Узнав по виду дверь костюмерной, Даймонд толкнул ее. И сразу увидел в дальнем углу Кейт, сцепившуюся, как ему поначалу показалось, с портновским манекеном. Даймонд не сразу заметил, что платье Кейт поднято до талии, а «манекен» — не кто иной как Хедли Шерман. Стоя спиной к двери, Шерман демонстрировал отсутствие на нем брюк и вбивал Кейт в стену настойчиво, словно последний раз в жизни.
Даймонд с его опытом работы в полиции поначалу решил, что видит сцену насилия, и ринулся бы в бой, если бы Кейт не вскрикивала «да!» при каждом натиске. Решив не мешать этим двоим, слишком увлеченным, чтобы заметить его, Даймонд тихо вышел за дверь и вернулся на уровень сцены. Телефон в его кармане завибрировал, голос Ингеборг сообщил: «Второй этаж, гримерная номер десять».
Ингеборг ждала его, стоя возле гримерши, которой с виду можно было дать не больше шестнадцати лет. Девушка по-прежнему держала в руках кисть и банку.
— Что в банке? — спросил Даймонд.
— Тальк.
— Дайте сюда.
Он осторожно попробовал светлый порошок мизинцем. Никакой реакции.
— Где вы это взяли, Белинда?
— В костюмерной. Банка новая, ее открыли только сегодня днем.
— Вам известно, почему я об этом спрашиваю?
— Из-за Клэрион Калхаун? — В глазах Белинды отразилась тревога. — Но я совершенно ни при чем!
— Ваша обязанность пудрить актеров перед самым выходом?
— Да, это одна из моих обязанностей. А еще я помогаю в кассе и отвечаю на телефонные звонки.

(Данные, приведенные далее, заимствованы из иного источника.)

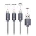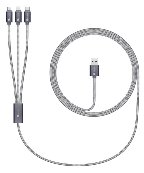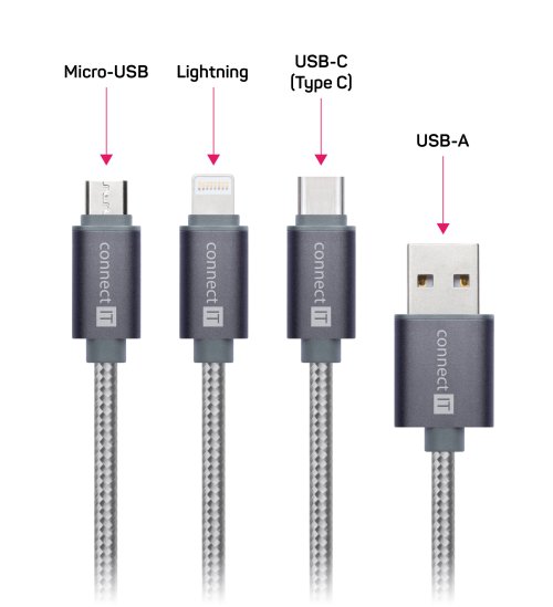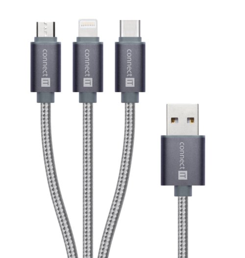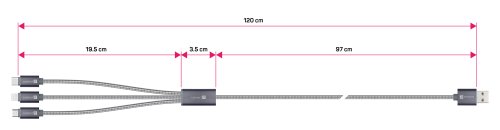Univerzálny nabíjací kábel 3v1 na nabíjanie zariadení s konektormi Micro USB, Lightning a USB-C (Type C) umožňuje nabíjanie až troch zariadení súčasne s podporou rýchleho nabíjania pomocou max. prúdového toku 2 A. Špeciálna manžetová nadstavba konektorov Micro USB, Lightning aj USB- C (Type C) zaručuje lepšiu prístupnosť k nabíjacím zdierkam mobilných telefónov v puzdrách.
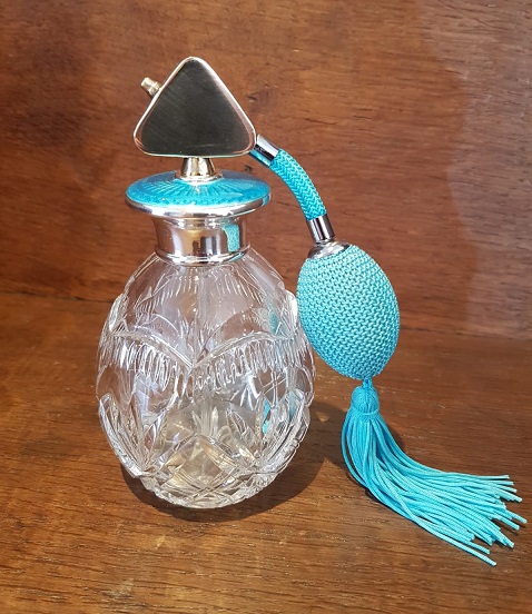 Art Deco Antique Silver & Turquoise Enamel Scent Atomizer

— В понедельник вечером актеров пудрили вы?
— Не всех. Гримом Клэрион занималась ее костюмерша.
— Значит, это Дениз пудрила Клэрион за кулисами?
Вот это новость!
— Да.
— Она пользовалась тем же гримом, что и вы?
Белинда покачала головой:
— Нет, привезла свой.
Показания девушки звучали убедительно. Расследование вновь подтвердило, что именно по вине Дениз лицо Клэрион теперь обезображено. Гипотеза Даймонда рушилась на глазах.

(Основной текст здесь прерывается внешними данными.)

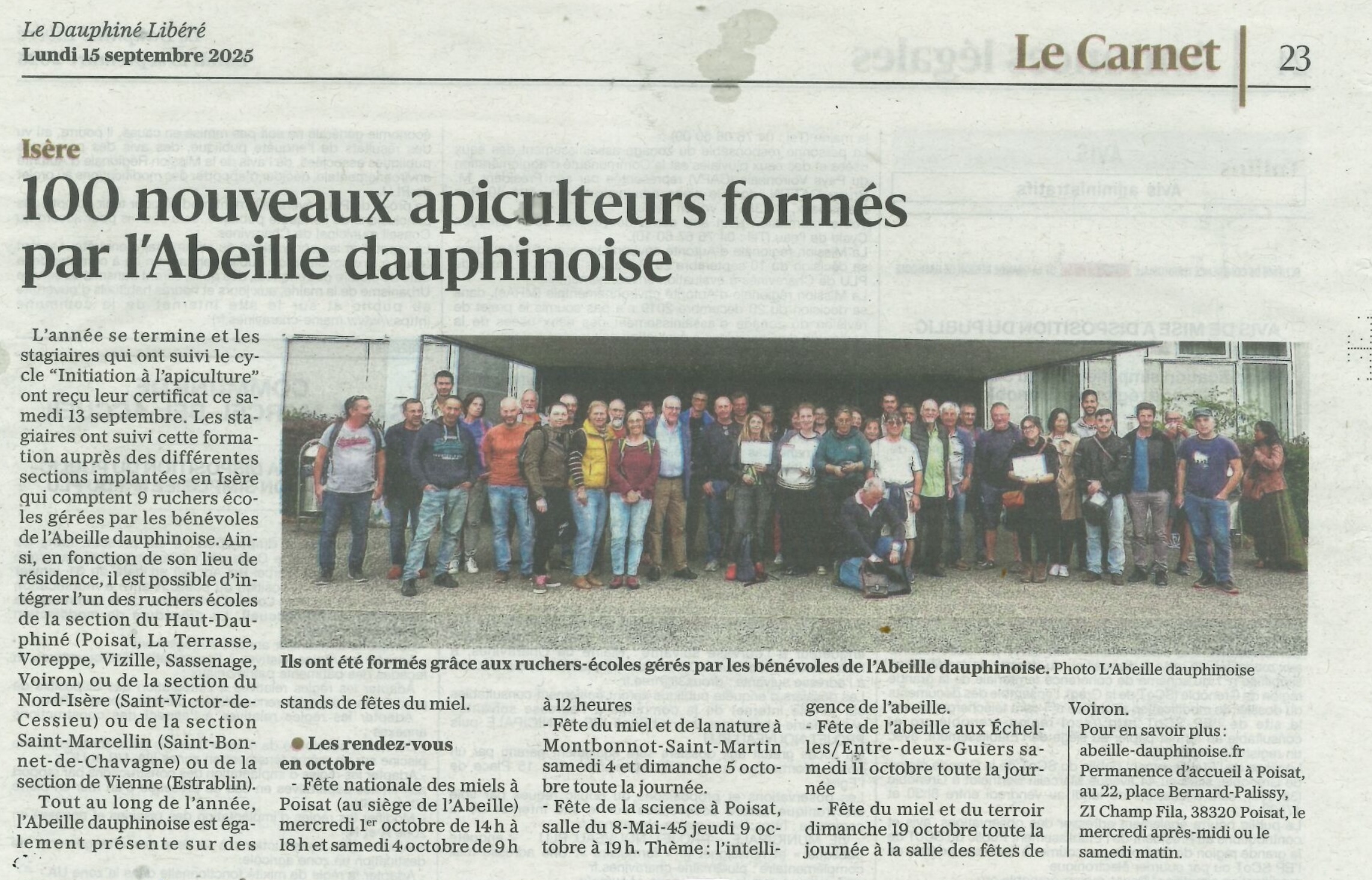 Quand le Dauphiné Libéré parle de nous ce 15 sept 25 : Le Dauphiné Libéré parle de nos formations et des prochains stands d'octobre Écrit par AD le samedi septembre 20, 2025 Lien permanent - « Formation Initiation HD : dernier cours et photo de groupe - Assemblée Générale de la Scapiad (Coop) : merc 15 oct 2025 »
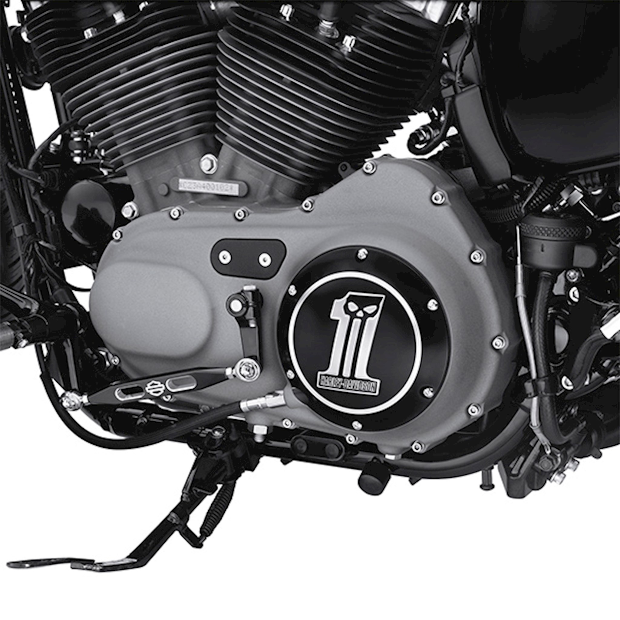 The famous Harley-Davidson #1 logo with a sinister twist. Machined from billet aluminum, these covers feature domed surfaces that are polished and black anodized to a rich satin sheen, and then re-machined to expose the raw aluminum. The resulting high-contrast design complements both polished and painted engine finishes.
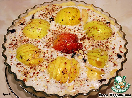 Разогреть духовку до 180 гр. Тесто раскатать, форму смазать сливочным маслом, выложить тесто, сформировав бортик. Выпекать 15 минут, затем форму вынуть из духовки.
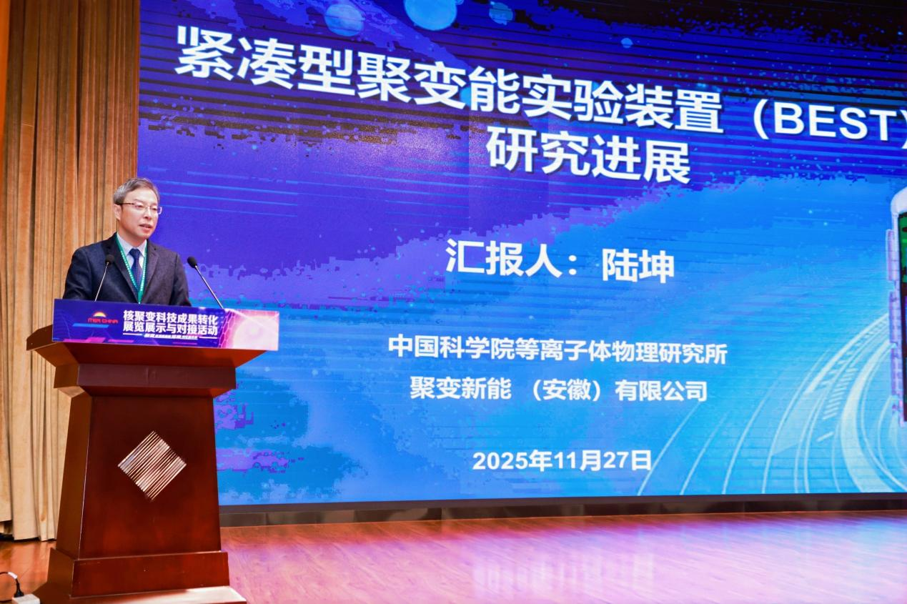 11月27日,由中国国际核聚变能源计划执行中心主办的核聚变科技成果转化展览展示与对接活动在中国科技会堂举行。本次活动以“聚变能源启新篇成果转化赢未来”为主题,包含政策解读、项目签约、科技报告、项目路演、圆桌论坛、展览展示等丰富环节,搭建了集展示、交流、合作为一体的成果转化平台。来自国内企业、研究院所、高校、投资机构等400余位嘉宾与代表参加。等离子体所常务副所长陆坤受邀在开幕式上作关于紧凑型聚变能实验装置研究进展的主旨报告并参加项目路演,秦经刚副所长受邀参加圆桌论坛,徐国盛副所长受邀参加了本次活动。
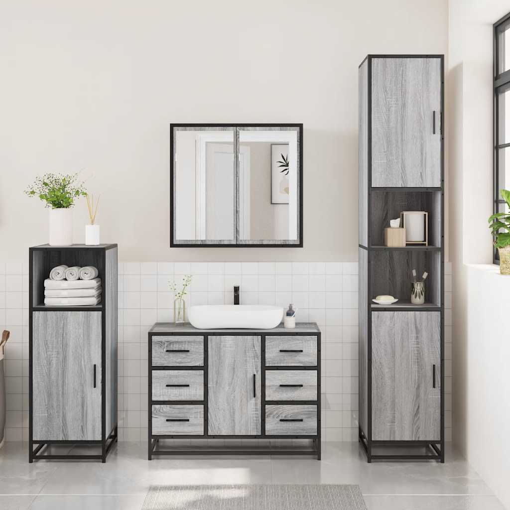 3 pcs Conjunto móveis casa de banho madeira proc. cinza sonoma
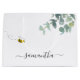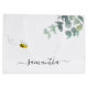 A chic white background. Decorated with watercolored eucalyptus greenery, foliage and a cute, happy smiling bee. Personalize and add a name. The name is written with a modern hand lettered style script with swashes.

— Возвращайтесь к своим обязанностям, — разрешил Даймонд, отдавая Белинде тальк.
Она торопливо ушла.
— Ценная свидетельница, — заметил Даймонд, обращаясь к Ингеборг. — Видимо, именно Дениз нанесла на лицо Клэрион каустическую соду перед самым выходом на сцену. Если мы найдем грим, которым пользовалась Дениз, надо будет сразу же отправить его на экспертизу.
Он задумчиво пригладил ладонью волосы, а потом рассказал Ингеборг, какую сцену страсти неожиданно увидел в костюмерной.
— Старый козел! — возмутилась Ингеборг. — А я-то думала, он обхаживает Гизеллу.
— Он обхаживает всех, кто согласен терпеть его рядом.
Бдительный полицейский заметил «воксхолл-корсу» Дениз, когда гигантская автостоянка на Шарлотт-стрит почти опустела. Даймонд прибыл, когда уже почти стемнело. Кит Холлиуэлл и незнакомый молодой констебль ждали его, вооружившись фонариками.
— Внутрь заглядывали? — спросил Даймонд.
Холлиуэлл осветил фонариком салон машины.
— Там не на что смотреть.
— Тогда вскроем багажник. Инструменты есть?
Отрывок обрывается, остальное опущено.